Make no mistake: G-20 economies have a significant competition problem, in that there’s not enough of it. Market concentration increased 38 percent in the United States over the 15 years to 2012. More than half of Australia’s markets are concentrated. The family-owned Chaebol conglomerates in South Korea are wreaking economic and political havoc. The “third arrow” of Japanese Prime Minister Shinzo Abe’s economic policies is still largely in its quiver. Canada is struggling on telecommunications reform. Uncompetitive state-owned enterprises are an albatross around Chinese President Xi Jinping’s neck.

Weak competition is a challenge that touches every G-20 country. It has been linked to rising inequality, weak investment, low innovation, poor wage growth, higher prices, and declining productivity. Weak competition is ripe for a strong push. Delivering coordinated commitments to boost competition and to review national competition policies to achieve a postponed G-20 growth target will promote continuity, credibility, and, above all, growth.
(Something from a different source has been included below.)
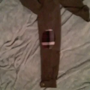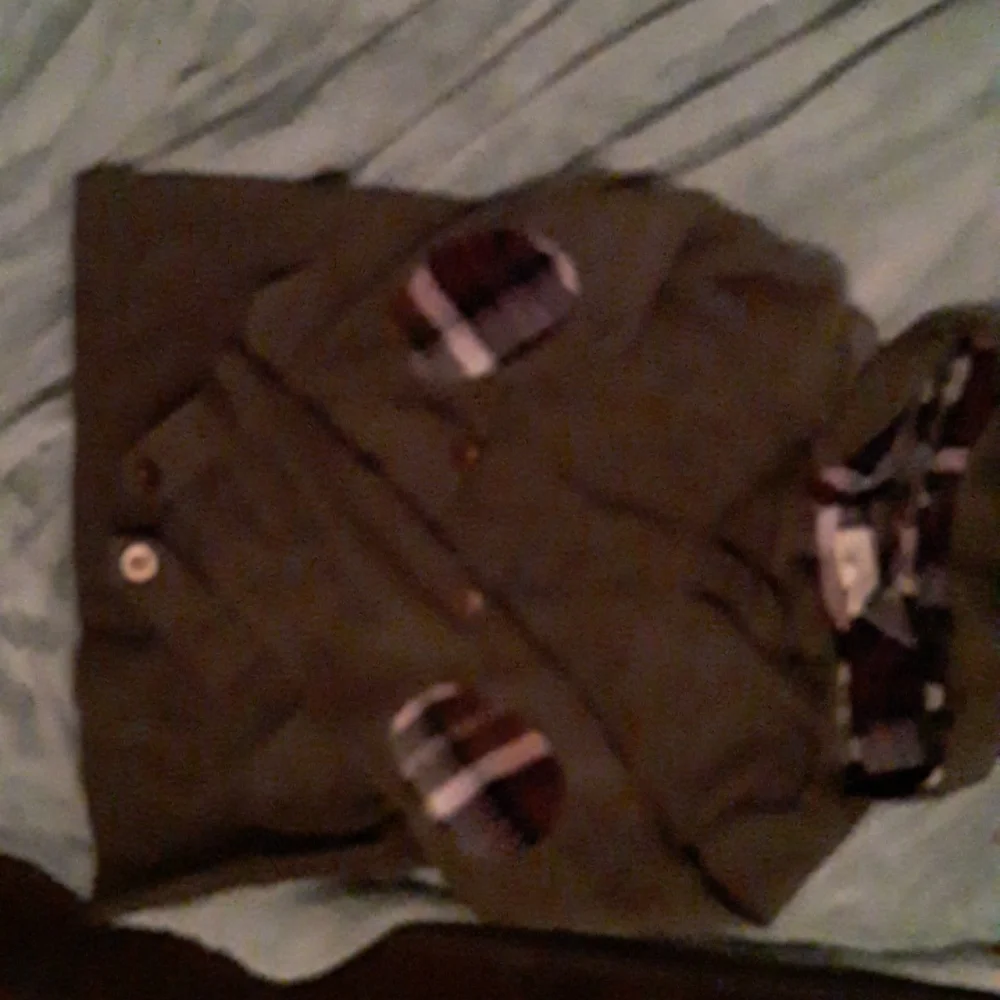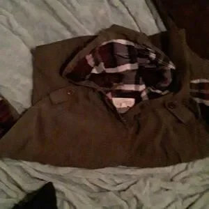 an olive green with the inside is plaid it has little shoulder pad things that are also plaid The Plaid is like a gray blue white and a burgundy color has 4 front pockets but you are fake so really only two front pocket

But some will question whether the G-20 can really influence domestic competition reform. What could the Argentinian host year actually deliver?

There are reasons to be skeptical. Competition reforms are very country-specific. They are often ill-defined, long-run processes that challenge deeply-vested political interests and test the political capital of even the most popular politicians. Would countries really do anything differently because of the G-20?

Yes, they would. My research in interviewing more than 50 leaders, central bank governors, finance ministers, and officials from across G-20 countries suggests that the group can, and does, influence domestic structural policies. However, this influence shouldn’t be overstated. While it’s wrong to say it has no influence at all, it’s also wrong to say that the G-20 drives domestic structural reform agendas.

Instead, the G-20 helps policymakers to sell difficult reforms domestically, particularly in small and medium-sized economies, by pointing to a global economic consensus. The group can help shift a country’s priorities. It can give policymakers new ideas, create pressure for the timely implementation of commitments, and be used to leverage domestic legislatures. The G-20 influences how policymakers think, build consensus, and engage in peer-to-peer learning on best-practice policies and approaches to implementation.

Most importantly, having G-20 countries undertake structural reform together results in a whole that is greater than the sum of its parts. Through positive spillovers, the overall benefit to G-20 GDP from undertaking structural reforms can be 25 percent larger if they work together, according to the International Monetary Fund and the OECD. Coordination makes structural reform both politically easier and economically more powerful.

The Argentinian host year needs continuity, but a mere re-branding of the growth agenda is not good enough. As the Argentinian proverb goes: “a monkey dressed in silk is a monkey no less.” Next year is Argentina’s opportunity to revitalize the G-20, and its reformist, President Mauricio Macri, is the person to do it.